Panel: Posing and Composing Selves
Copanelists: Maile Gresham and Barbara Zabel
Multicultural biography—especially of Asian American authorship—attained a momentum of widespread popularity in the 1980s–1990s due to the way in which the biographical form of culturally expressing first-person subjectivity was considered authoritative. But in the aftermath of the multiculturalist dispensation, the expectation of truth from literary conceptions for translating a cultural “self” has been put into question. One such inquiry derives from performance theory and the argument that identification becomes unstable when viewers engage in staged representations of the “self,” since even the embodied subject of “race” confronts a host of preconceived notions that concern cultural translation as much as self and other paradigms. In view of the unfixable nature of identity itself, this paper undertakes an analysis of biographical reiterations in rapport with bodilyoriented video expressions. The equivocal nature of visual and textual portrayals of a given “self” can either contradict or substantiate the power of the “statement” in the practice of self-naming. In this way, artists have introduced the elusive figure of the “self” as a compositional subject, one that thwarts the multicultural expectation for professing and substantiating an “authentic” cultural identity.

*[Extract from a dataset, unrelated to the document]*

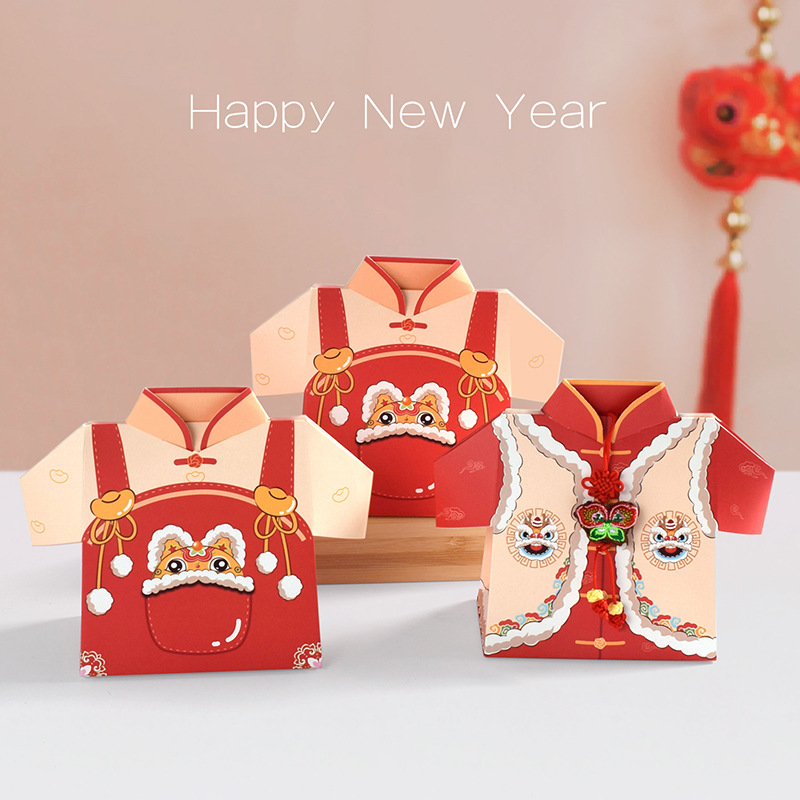 新年の赤い喜気吉祥唐装形状キャンディー箱現物吉祥事かわいい新年喜糖折り畳み包装箱

Jane Chin Davidson is a Lecturer in Contemporary Art in the Asian American Studies Department at the University of California, Irvine. She is the 2008–2009 recipient of the ESRC Postdoctoral Fellowship in association with the Cultural Theory Institute at the University of Manchester. Her research and publications (including journal articles in Textile, NC Media, and Signs) focus on contemporary bodily-oriented artworks and subjects of artistic globalization.